US 12,407,530 B2
Automation of user identity using network protocol providing secure granting or revocation of secured access rights
Kevin Nickels, San Jose, CA (US); Colin Constable, Mariposa, CA (US); and Jagannadh Vanguri, Telangana (IN)
Assigned to Atsign, Inc., San Jose, CA (US)
Filed by Atsign, Inc., San Jose, CA (US)
Filed on Oct. 12, 2023, as Appl. No. 18/485,932.
Application 18/485,932 is a continuation of application No. 17/781,464, granted, now 11,849,053, previously published as PCT/US2021/040628, filed on Jul. 7, 2021.
Claims priority of provisional application 63/105,755, filed on Oct. 26, 2020.
Claims priority of provisional application 63/062,092, filed on Aug. 6, 2020.
Claims priority of provisional application 63/049,460, filed on Jul. 8, 2020.
Prior Publication US 2024/0039739 A1, Feb. 1, 2024
Int. Cl. H04L 9/32 (2006.01); H04L 9/08 (2006.01)

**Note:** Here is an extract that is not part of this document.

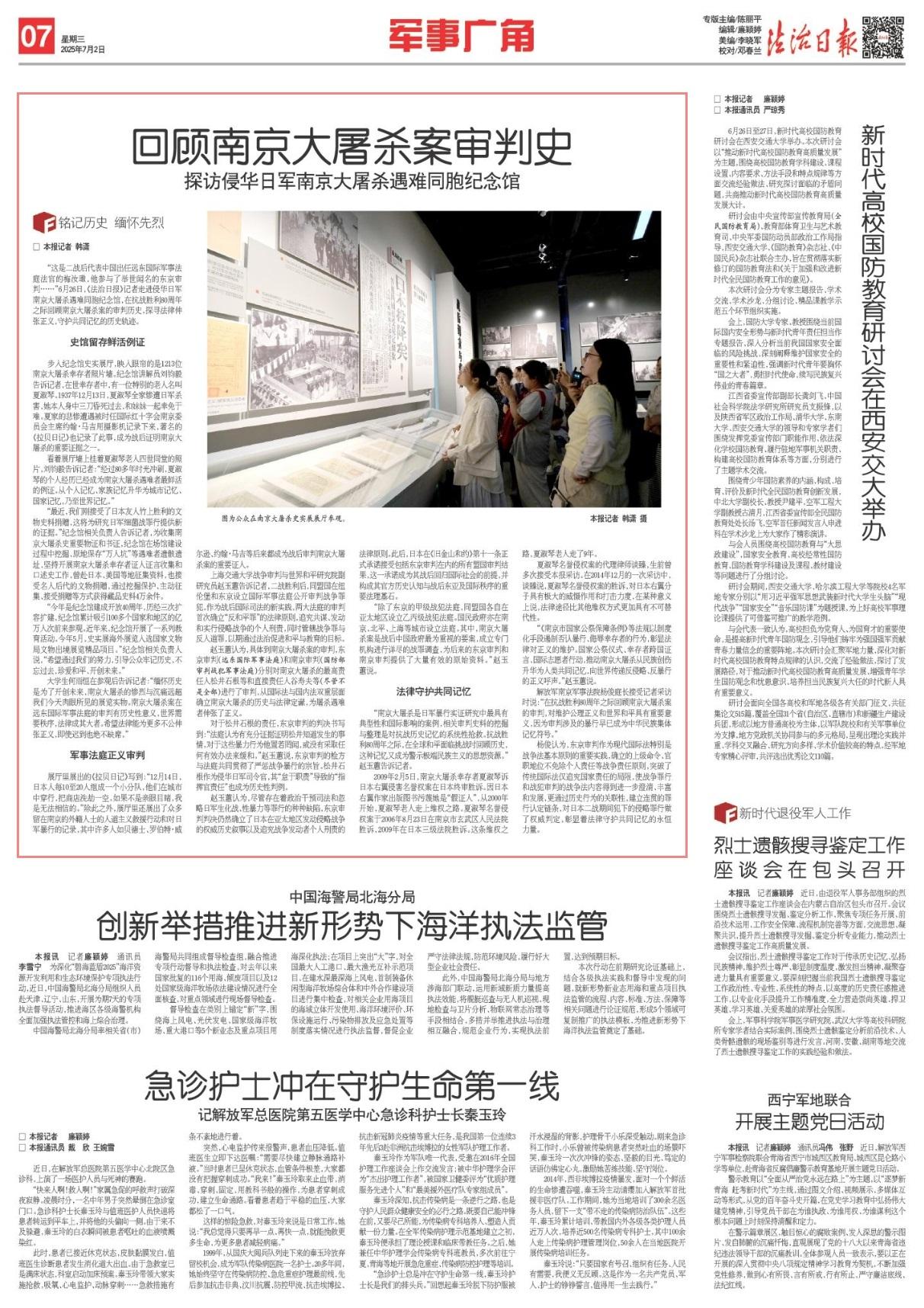 解放軍南京軍事法院楊俊庭長接受記者采訪時說:“在抗戰(zhàn)勝利80周年之際回顧南京大屠殺案的審判,對維護公理正義和世界和平具有重要意義,因為審判涉及的暴行早已成為中華民族集體記憶符號。”

CPC H04L 9/3271 (2013.01) [H04L 9/0825 (2013.01); H04L 9/0894 (2013.01)] 15 Claims
OG exemplary drawing
 
1. A computer-implemented method comprising:
receiving, at a server that manages access to a first decentralized resource directory of a providing entity in a system of decentralized resource directories, via a first connection and from a first requesting entity, an authentication request to authenticate the first requesting entity to the first decentralized resource directory, wherein the authentication request identifies the first requesting entity;
generating, in response to the authentication request, an authentication challenge value and an authentication challenge key;
providing, via the first connection and in response to the authentication request, an authentication challenge to the first requesting entity that instructs the first requesting entity to store the authentication challenge value for the authentication challenge key in a defined location in a second decentralized resource directory of the system of decentralized resource directories that is associated with the first requesting entity;
receiving, via the first connection, a confirmation from the first requesting entity that the authentication challenge value has been stored by the first requesting entity for the authentication challenge key, in response to the authentication challenge, in the defined location in the second decentralized resource directory of the first requesting entity;
establishing, in response to receiving the confirmation that the authentication challenge value has been stored for the authentication challenge key in the defined location in the second decentralized resource directory of the first requesting entity, a second connection with the second decentralized resource directory of the first requesting entity;
sending, via the second connection, a first lookup request for a value stored for the authentication challenge key in the defined location in the second decentralized resource directory of the first requesting entity;
receiving, via the second connection and from the second decentralized resource directory, a first response value in response to the first lookup request;
comparing the first response value to the authentication challenge value to determine whether the first response value matches the authentication challenge value; and
in response to determining that the first response value matches the authentication challenge value, responding to the authentication request, via the first connection, with an indication that the first requesting entity is authenticated to the first decentralized resource directory.